The builder reads _platform/kb-ai-context/{teamId}/entries.json per request (cheap blob read; sub-millisecond), formats the entries as a system-prompt section, returns the string.

Use cases:

Brand-name conventions ("brand names are case-sensitive").
Date conventions ("the current quarter is Q3 2026").
Default settings ("default analysis window is 4 weeks").
High-level domain context ("the team analyses pharma marketing data").

Limit ~20 entries / ~2000 tokens per team. Beyond that, push into notes (indexed) so retrieval picks them up only when relevant.

The standing-context builder is opt-in — deployments wire it explicitly into their withAIConfig system-prompt list. KB doesn't auto-inject because AI doesn't depend on KB (one-way layering); the deployment composition root is the only place that sees both.

Reset / dedup

The KB Documents page has a "Reset KB" button (admin-only). When invoked:

Confirmation dialog ("This will delete N documents and Y chunks. Proceed?").
KnowledgeApi.ResetKnowledgeBase is called.
Server-side: deletes all KB document blobs in the scope, calls IVectorStore.DeleteByScope, clears the AI context.
Emits KnowledgeBaseReset event under _platform.kb.

DeleteByScope is a config-grade reset (bypasses tombstone soft-delete semantics). The chunks are physically gone, not soft-deleted; there's no recovery path.

Dedup: when a file with the same content-hash is uploaded again, the SDK detects it via IDataObjectStore's content-addressable layer and re-uses the existing storage blob. The document entry is new (different DocumentId), but the underlying bytes don't duplicate.

Chunk-level dedup is the vector store's responsibility — duplicate chunk text within the same scope is left for the vector store to filter (or not, depending on impl).

Scope isolation

Every KB document lives in team-{teamId}/kb-documents/. The scope filter in IRetrievalPipeline.Retrieve ensures Team A's caller cannot retrieve Team B's chunks even if they know the document IDs.
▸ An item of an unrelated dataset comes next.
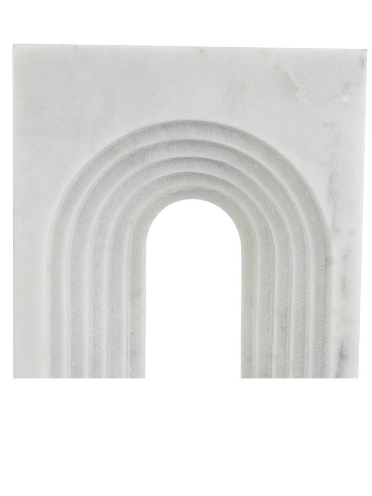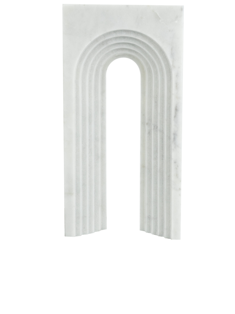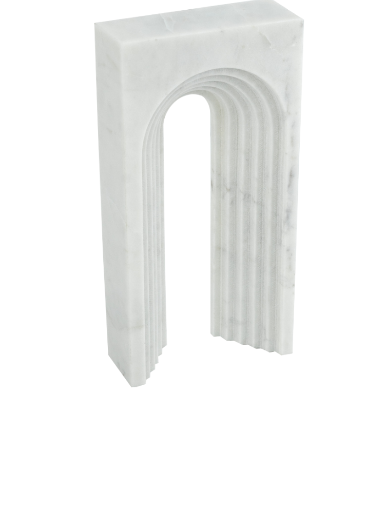 Esta escultura decorativa es un homenaje a la arquitectura romana atemporal, transformando la icónica forma del arco en una pieza de arte compacta y moderna. Está elaborada con mármol blanco auténtico en una forma orgánica y fluida.

On team switch (in MultiTeam mode), the KB module's Init re-fires; the Documents / Notes / AI Context pages refetch against the new team scope. Documents from the prior team disappear; documents from the new team appear.

The Reset KB button is scoped to the active team — no path resets across teams.

Performance

Upload throughput: bounded by extraction speed. PDFs are slowest (~1s per 10 pages with PdfPig). PPTX / DOCX / XLSX faster. CSV / TXT near-instant.
Indexing throughput: bounded by embedding-provider rate limits. Default ingestion concurrency is 2; raise via withIngestionConcurrency if your provider supports higher concurrency.
Retrieval latency: usually 50-200ms per query for in-memory vector store + cached embedding. Sparse-only or hybrid adds 30-100ms for BM25 over the same scope.
Scaling ceiling: ~50K chunks per scope before in-memory vector store slows. For larger, switch to ToolUp.VectorStores.Hnsw or a future distributed store.

What KB does NOT cover

Versioning of documents — uploading the same file twice creates two DocumentIds. There's no "this is v2 of doc X" semantics. For versioning, use IDataObjectStore directly with VersioningPolicy = Versioned.
Document-level metadata extraction — extractors extract text, not structured metadata (authors, dates, tags). For metadata-rich knowledge graphs, build a custom module.
Multimodal content — images / audio / video are not extracted. Future multimodal extension via IImageEmbedder (deferred).
Cross-document linking — chunks don't know about each other beyond the document boundary. For cross-document reasoning, the assistant uses retrieval + agent loop; the SDK has no native graph layer.

For any of these, the right shape is a custom module on top of ToolUp.RAG, replacing KB or running alongside it.